## What to do:
Output, exactly as written, the lines below from the one that has "HOT ! FOMOYUU" through the one that has "武警广西总队河池支队特战队员利用无人机进行协同侦察。蔡朝桂摄/光明图片"; nothing else, and no pictures.

Entries taken from a collection:
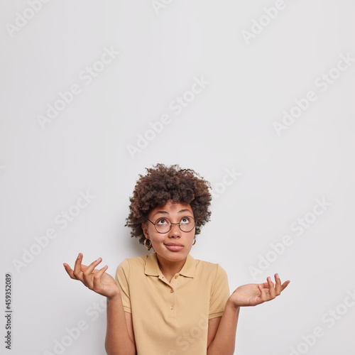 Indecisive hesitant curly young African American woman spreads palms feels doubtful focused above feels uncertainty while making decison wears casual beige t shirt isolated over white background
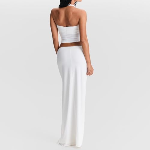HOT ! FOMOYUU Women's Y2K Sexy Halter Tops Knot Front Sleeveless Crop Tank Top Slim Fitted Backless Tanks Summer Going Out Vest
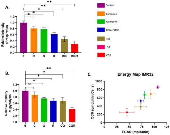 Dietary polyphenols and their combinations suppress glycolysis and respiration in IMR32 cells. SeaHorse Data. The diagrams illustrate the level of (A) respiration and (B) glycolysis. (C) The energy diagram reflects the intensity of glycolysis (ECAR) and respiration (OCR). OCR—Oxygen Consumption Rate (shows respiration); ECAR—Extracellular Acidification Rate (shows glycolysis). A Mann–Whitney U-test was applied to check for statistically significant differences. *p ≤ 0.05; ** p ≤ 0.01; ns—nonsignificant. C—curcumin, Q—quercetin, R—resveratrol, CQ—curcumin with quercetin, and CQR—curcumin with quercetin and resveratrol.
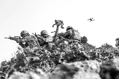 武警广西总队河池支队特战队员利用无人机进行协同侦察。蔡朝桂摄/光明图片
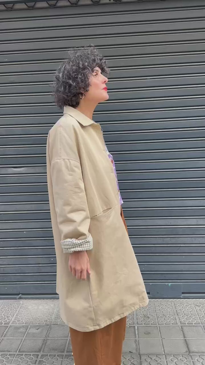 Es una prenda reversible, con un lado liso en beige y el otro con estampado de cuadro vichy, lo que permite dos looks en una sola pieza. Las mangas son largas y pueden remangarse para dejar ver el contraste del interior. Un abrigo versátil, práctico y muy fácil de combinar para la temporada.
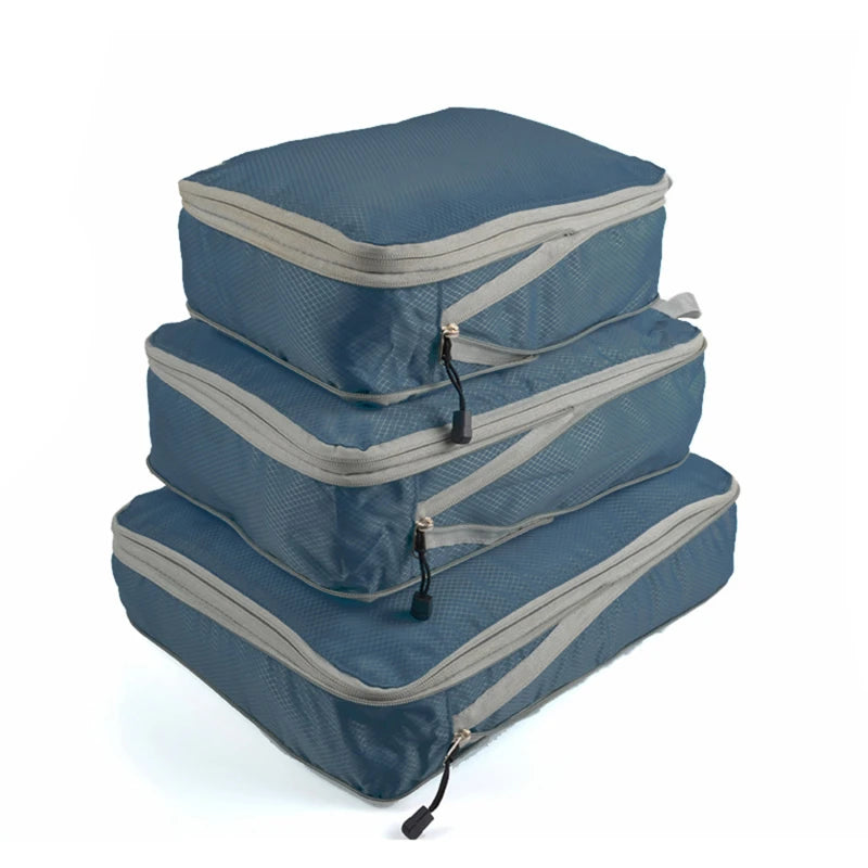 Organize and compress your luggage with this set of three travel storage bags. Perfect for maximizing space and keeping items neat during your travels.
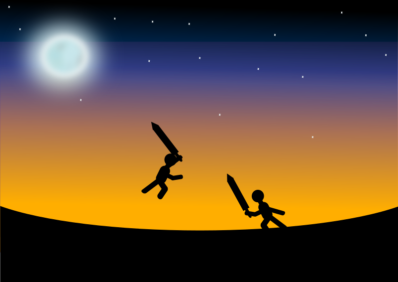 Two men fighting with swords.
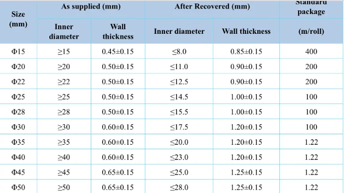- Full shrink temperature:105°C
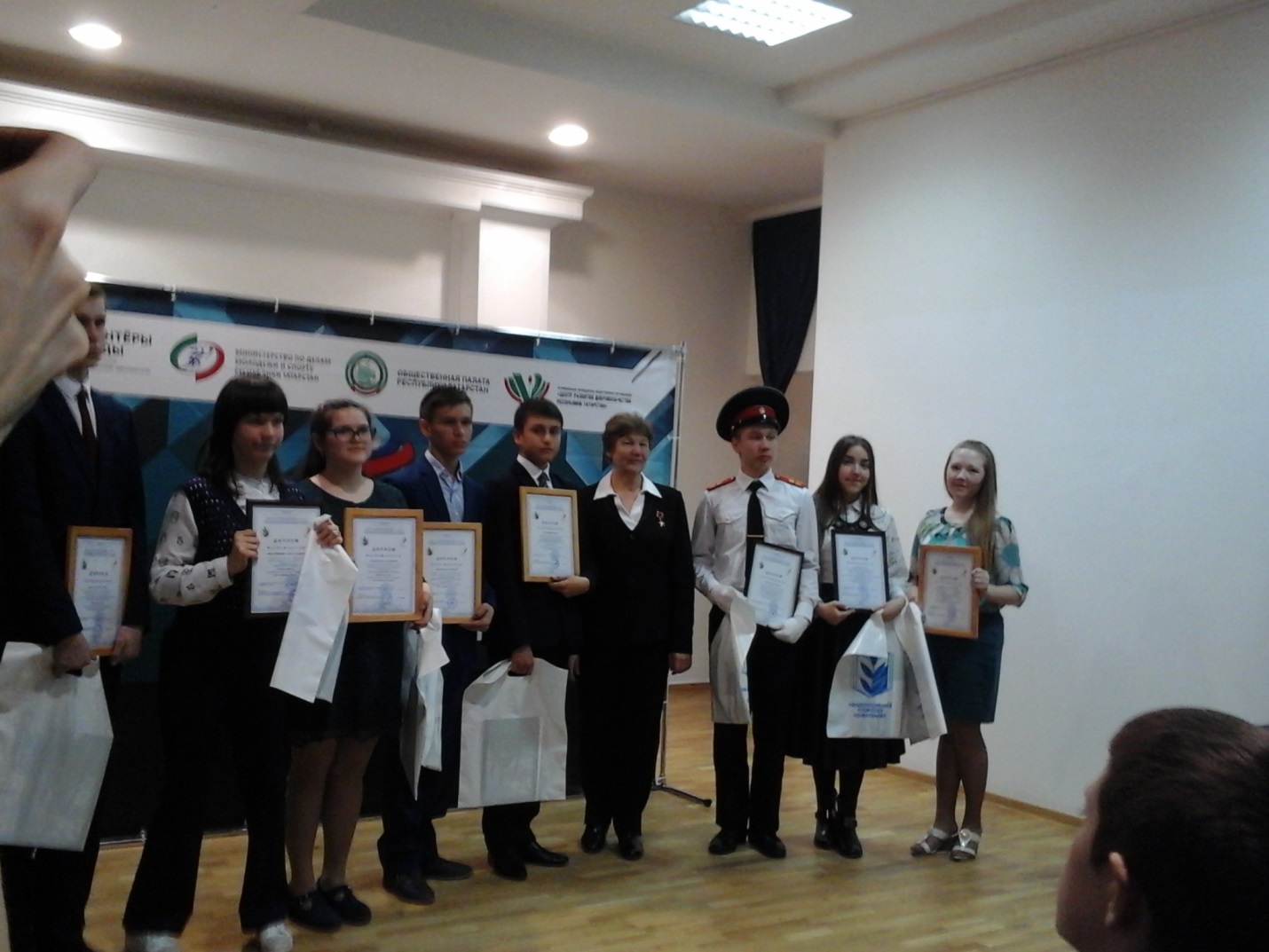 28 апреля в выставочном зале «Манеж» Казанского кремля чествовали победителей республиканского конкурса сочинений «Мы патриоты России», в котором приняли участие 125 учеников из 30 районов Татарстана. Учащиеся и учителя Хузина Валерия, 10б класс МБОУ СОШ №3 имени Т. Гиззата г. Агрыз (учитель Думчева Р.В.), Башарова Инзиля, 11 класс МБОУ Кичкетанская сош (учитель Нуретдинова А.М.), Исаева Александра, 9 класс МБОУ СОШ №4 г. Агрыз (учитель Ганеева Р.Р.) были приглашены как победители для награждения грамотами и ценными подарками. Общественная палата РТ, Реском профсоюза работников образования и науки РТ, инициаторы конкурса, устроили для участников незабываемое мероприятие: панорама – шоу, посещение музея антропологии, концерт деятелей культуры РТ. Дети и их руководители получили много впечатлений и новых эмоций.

## Answer section:
HOT ! FOMOYUU Women's Y2K Sexy Halter Tops Knot Front Sleeveless Crop Tank Top Slim Fitted Backless Tanks Summer Going Out Vest
 Dietary polyphenols and their combinations suppress glycolysis and respiration in IMR32 cells. SeaHorse Data. The diagrams illustrate the level of (A) respiration and (B) glycolysis. (C) The energy diagram reflects the intensity of glycolysis (ECAR) and respiration (OCR). OCR—Oxygen Consumption Rate (shows respiration); ECAR—Extracellular Acidification Rate (shows glycolysis). A Mann–Whitney U-test was applied to check for statistically significant differences. *p ≤ 0.05; ** p ≤ 0.01; ns—nonsignificant. C—curcumin, Q—quercetin, R—resveratrol, CQ—curcumin with quercetin, and CQR—curcumin with quercetin and resveratrol.
 武警广西总队河池支队特战队员利用无人机进行协同侦察。蔡朝桂摄/光明图片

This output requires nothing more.